51. Богдан Бельский занимал видное положение при дворе Лжедимитрия I. За оказанные им услуги Лжедимитрий возвел Бельского уже в июне в звание оружейничего великого, а позднее и в звание боярина. Сообщение Буссова о кресте с изображением св. Николая вряд ли соответствует действительности, так как на православных крестах изображается обычно распятие. Кресты с изображением святых известны, но это кресты-энкольпионы — особого рода нательные кресты, пустые внутри, предназначенные для ношения мощей (В. С. Голышенко. К вопросу об изображении князя в чудовской рукописи XII — XIII вв. Проблемы источниковедения, сб. VII, стр. 405 — 406). Однако сомнительно, чтобы Бельский показывал такой крест толпе, вероятнее предположить, что это был обычный крест. (О культе св. Николая см. примеч. 2).

52. День коронации Лжедимитрия, по Буссову, — 29 июня. И. Масса указывает другую дату коронации — 20 июля (И. Масса, стр. 113). Правильность датировки И. Массы подтверждается показаниями Маржерета и Паэрле, которые относят коронацию на 31 июля нового стиля (Н. Устрялов, ч. I, стр. 174, 298).

53. Инокиня Марфа Нагая была привезена из небольшого Белозерского монастыря в Москву 18 июля (Буссов ошибочно указывает как место заточения Марфы Троице-Сергиевский монастырь) и признала публично Лжедимитрия I своим сыном. В грамотах Марфы, отправленных по городам после убийства самозванца, это признание изображалось как вынужденный акт — “устрашил смертью” (СГГД, т. II, № 146), “а коли он с нею говорил, и он ее заклял и под смертью приказал, чтоб она того никому не сказывала” (СГГД, т. II, № 147). Однако уже автор “Нового летописца” недвусмысленно намекнул на то, что действия инокини Марфы, признавшей Лжедимитрия I сыном, могут быть объяснены не только “страхом”, но и “своим хотением” (ПСРЛ, т. XIV, стр. 67). Последнее вполне вероятно — признание самозванца истинным Димитрием обеспечивало самое высокое положение при московском дворе самой Марфы и ее родни как ближайших родственников царя. И источники (в том числе и Буссов) показывают, что Марфа исполняла принятую на себя роль матери с большим усердием.

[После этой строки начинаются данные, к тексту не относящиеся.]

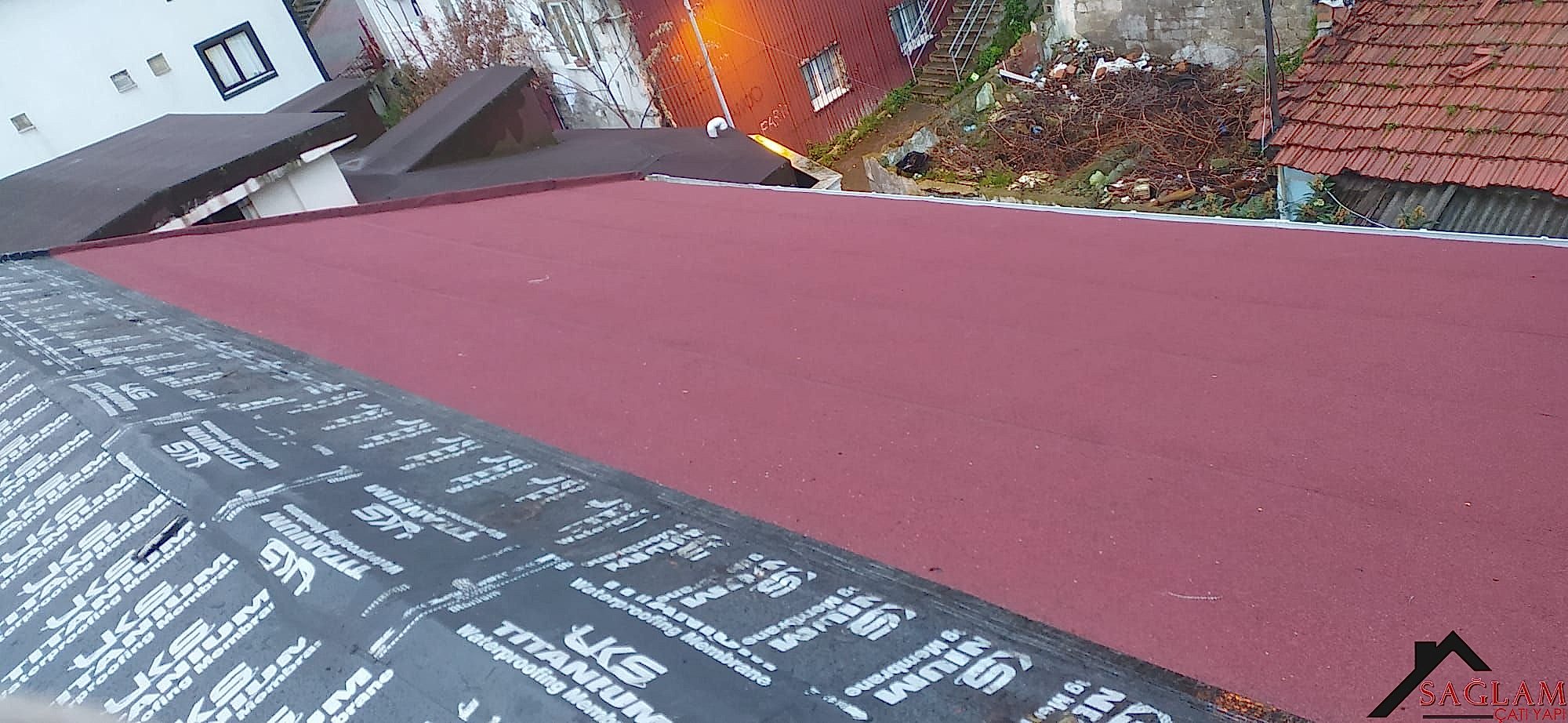 Membran çat� malzemeleri h�zla suya dayan�kl� hale gelir ve sadece 24 saat içinde kürle�ir. Membran çat�lar, poliüretan, asfalt, tek kat, bitüm, fiber çimento levhalar ve beton dahil olmak üzere çe�itli çat� kaplama malzemeleriyle bezenmi�tir. Ek bir son kat ve granül veya kum gibi kaymaz bir madde ile birlikte kullan�ld���nda, malzemenin su geçirmezlik özellikleri, normal orta-a��r yaya trafi�inde bile kal�r.
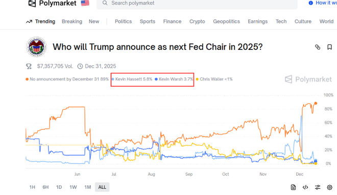 宇宙行CEO支持沃什出任美联储主席候选,市场预测概率激增
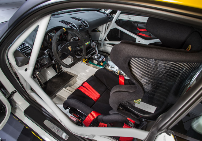 La versión de carreras viene equipada exclusivamente con una modificada caja de cambios de doble embrague PDK de seis marchas con levas en el volante y un diferencial de bloqueo mecánico en el eje trasero especialmente diseñado para el automovilismo deportivo.
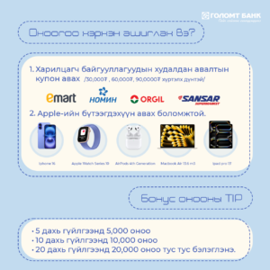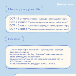 Голомт банкны харилцагч та олон улсын худалдааны вэбсайт, олон улсын мерчант болон Голомт банкны ПОС дээр Apple Pay-ээр төлбөрөө төлөн оноо цуглуулж, оноогоороо хамтрагч байгууллагуудын хөнгөлөлт урамшуулалд хамрагдах болон Apple брэндийн нэрийн бүтээгдэхүүнийг авах боломжтой.
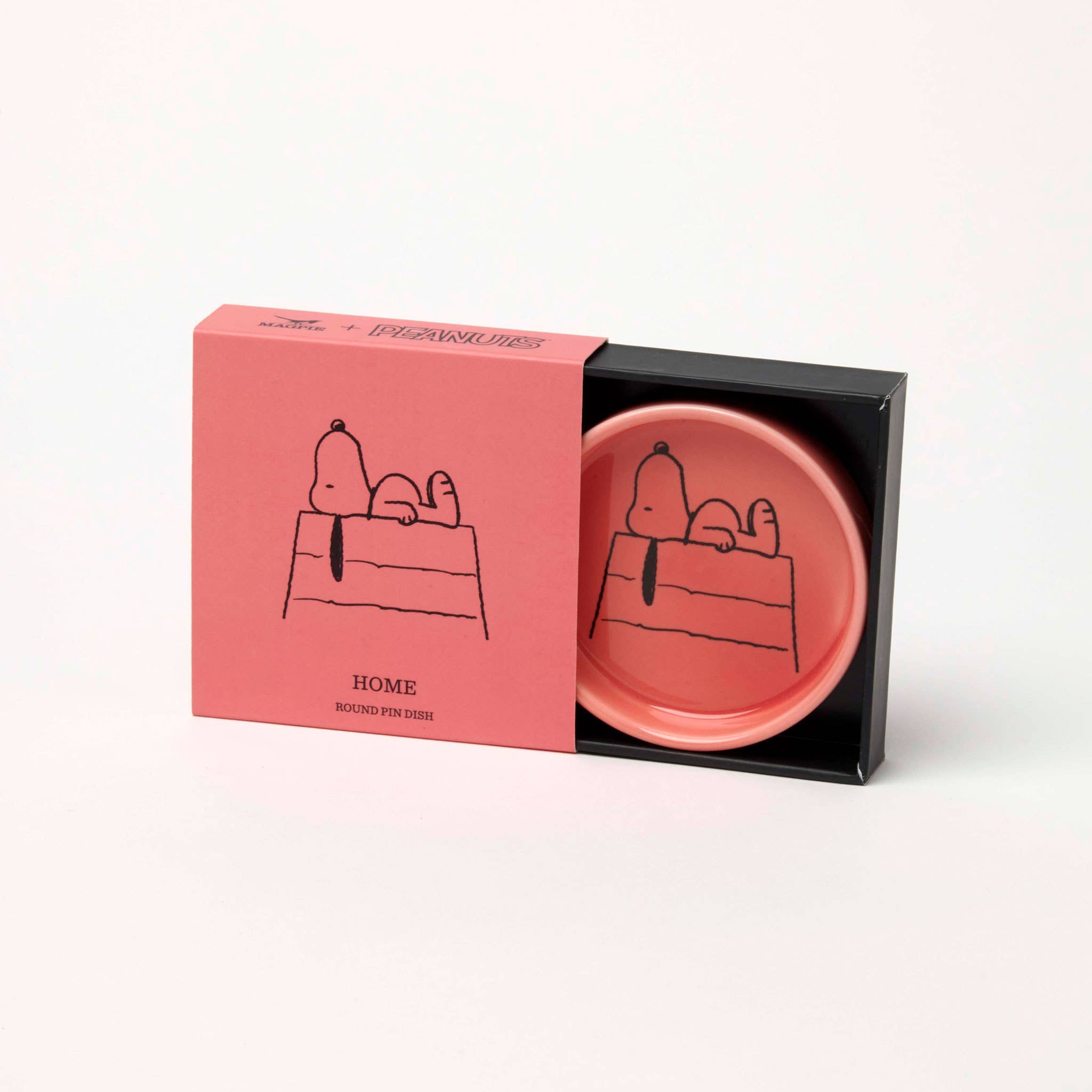 Cute 8cm round shaped coloured glaze vegan ceramic shaped dish/tray. Decorated with a black decal of Snoopy ready for tennis. With slide out colourful gift box.

54. Несоблюдение Лжедимитрием I пышного и торжественного царского чина, определявшего все общественные выступления царя и весь царский быт, отмечают многие наблюдатели. По установившейся веками традиции царь появлялся обычно всегда в сопровождении блестящей и раболепной толпы бояр, он не ходил, а шествовал, не сидел, а восседал, не ел, а вкушал, не говорил, а изрекал, должен был показывать пример набожности, благочестия и т. д. С точки зрения этих традиционных представлений о царе такие поступки Лжедимитрия I, как одинокие прогулки по Москве, запальчивые споры в Думе, непосредственное участие в травле зверей во время царских охот и т. д. и т. п., воспринимались как оскорбление царского достоинства. А так как пренебрежение к “царскому чину” у Лжедимитрия I сочеталось с явным предпочтением к обычаям и образу жизни польских панов, то оно воспринималось как оскорбление национальное.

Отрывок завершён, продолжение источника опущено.